И тут произошло то, чего никак не. могли ожидать ни Марьяна, ни Ганна, ни тем паче исполненный важности и сознания собственного превосходства бригаденфюрер войск СС, издали холодными серыми глазами наблюдавший, как осуществляется «акция», перед которой бледнеет и меркнет пресловутая Варфоломеевская ночь.

Рядовой солдат вермахта Курт Глейриц, раненный в голову в июльских боях под Киевом, после госпиталя попал не в свою пехотную дивизию, а в зондеркоманду и считал, что ему повезло.

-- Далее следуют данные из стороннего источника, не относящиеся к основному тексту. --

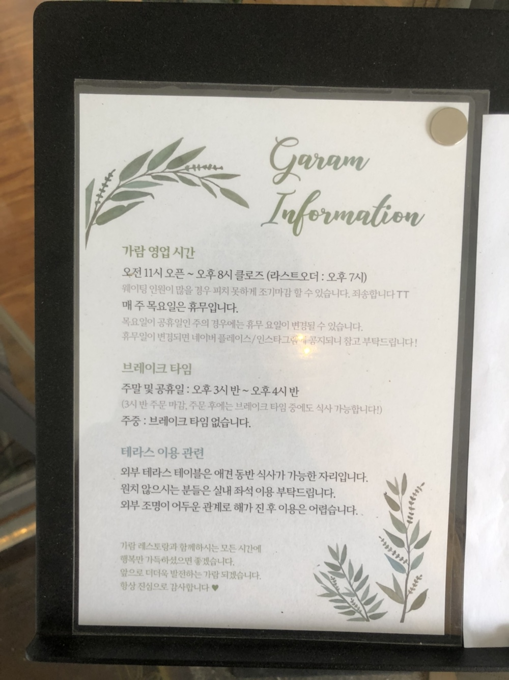 분위기 좋은 '가람 레스토랑'에서 소중한 사람들과 드시면 좋을 것 같아서 공유했습니다.
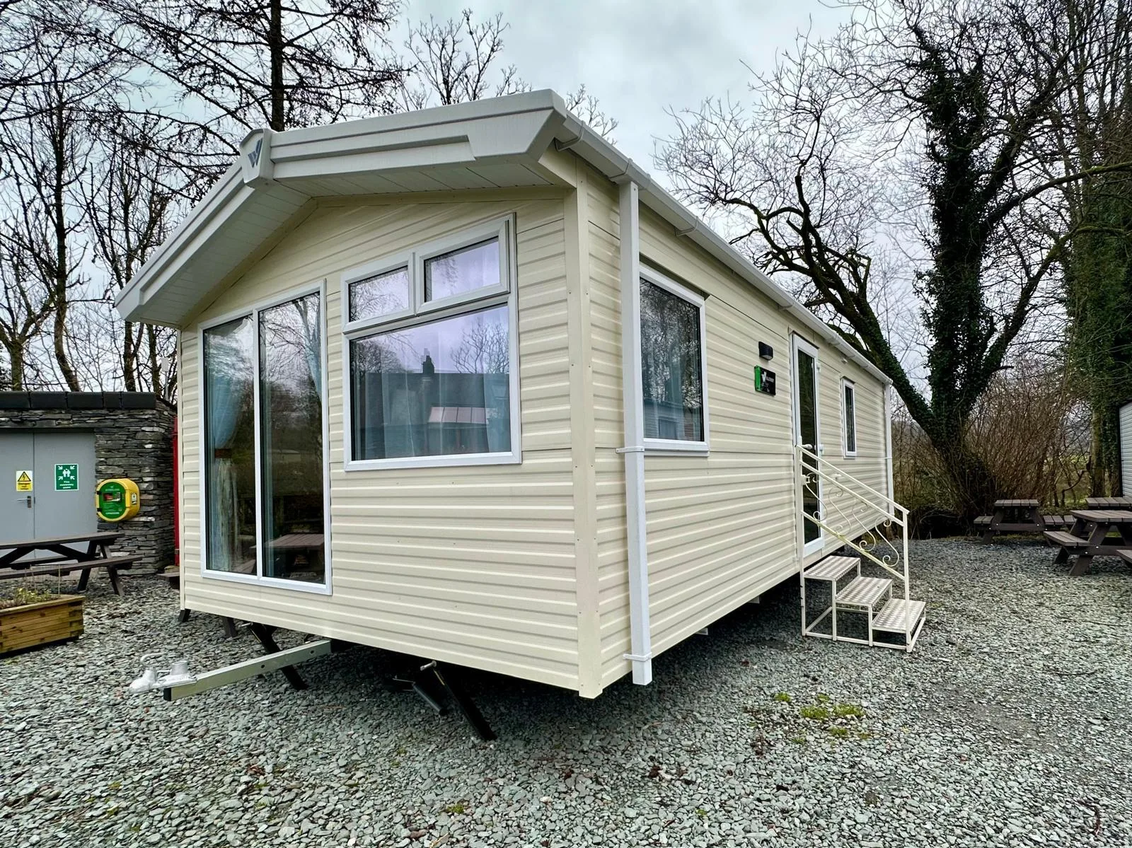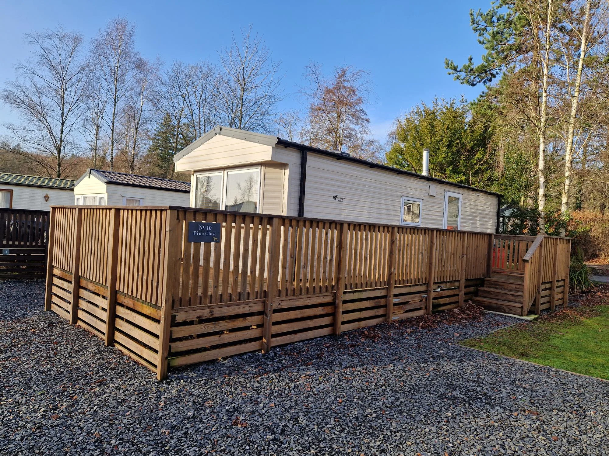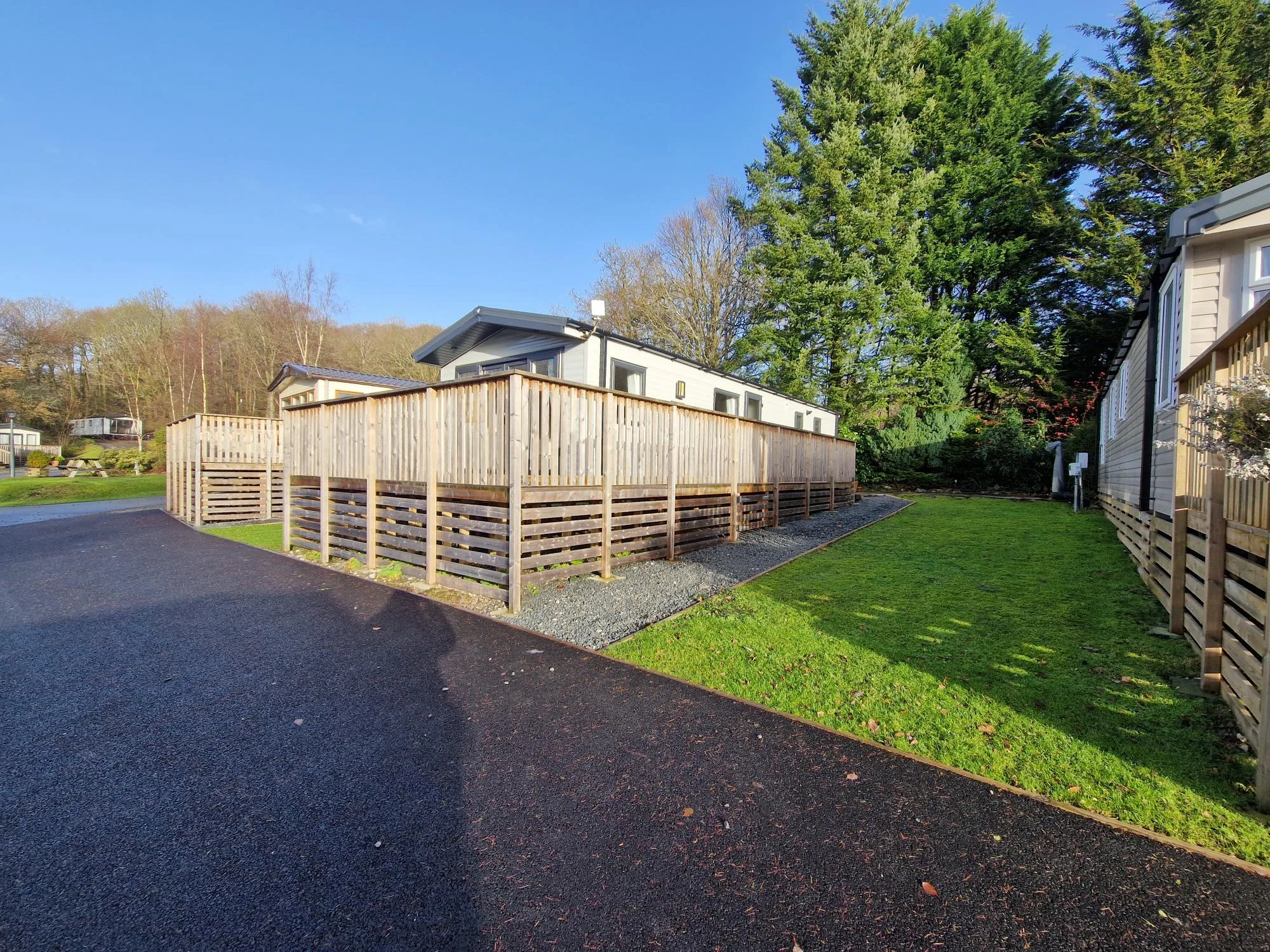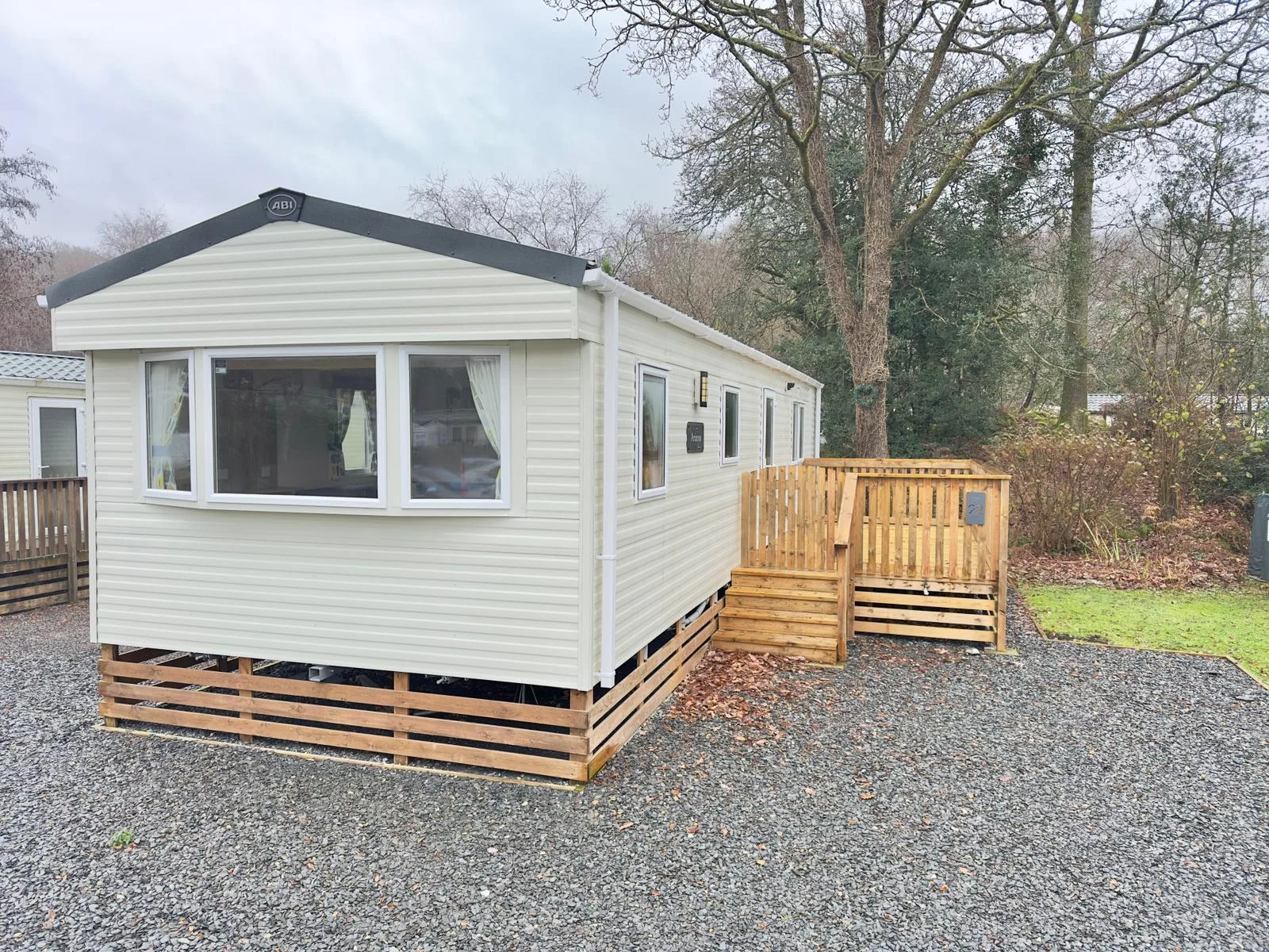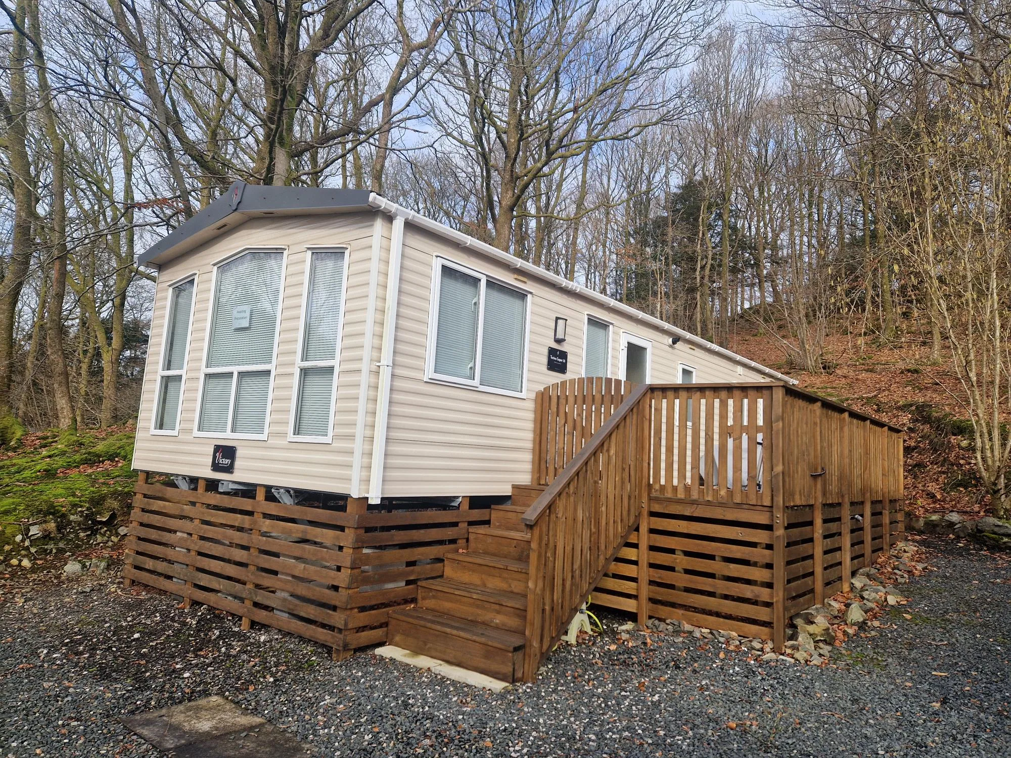 The park offers a range of static caravans and lodges for buyers seeking ownership in a peaceful woodland setting.

В этот день, с самого утра, он стоял возле яра и вместе с другими следил за тем, чтобы люди, которых гнали под пулеметы, не отбегали в сторону, не бросались врассыпную. Если кто-нибудь пытался бежать, Курт Глейриц посылал вслед короткую очередь из автомата. Если его пуля не догоняла, стрелял следующий эсэсовец, стоявший немного дальше.

Справа, на склоне горы, раскинулась роща, щедро расписанная красками осени. Курт Глейриц все чаще отрывал свой взор от того, на что обязан был смотреть, и глядел на рощу. А напротив он видел другой берег глубокого оврага, и берег этот тоже радовал и тешил его взгляд. Там простирались желтеющие поля и зеленели сады какой-то деревеньки. Курту Глейрицу казалось, что, когда он смотрит на этот незнакомый и все же чем-то близкий пейзаж, у него не так болит голова. В воображении вставал родной Альтендорф, где он, Курт Глейриц, почти пятнадцать лет учил детей. Там, под Дрезденом, сейчас тоже осень, бронзовые листья и тишина. Он жаждал тишины!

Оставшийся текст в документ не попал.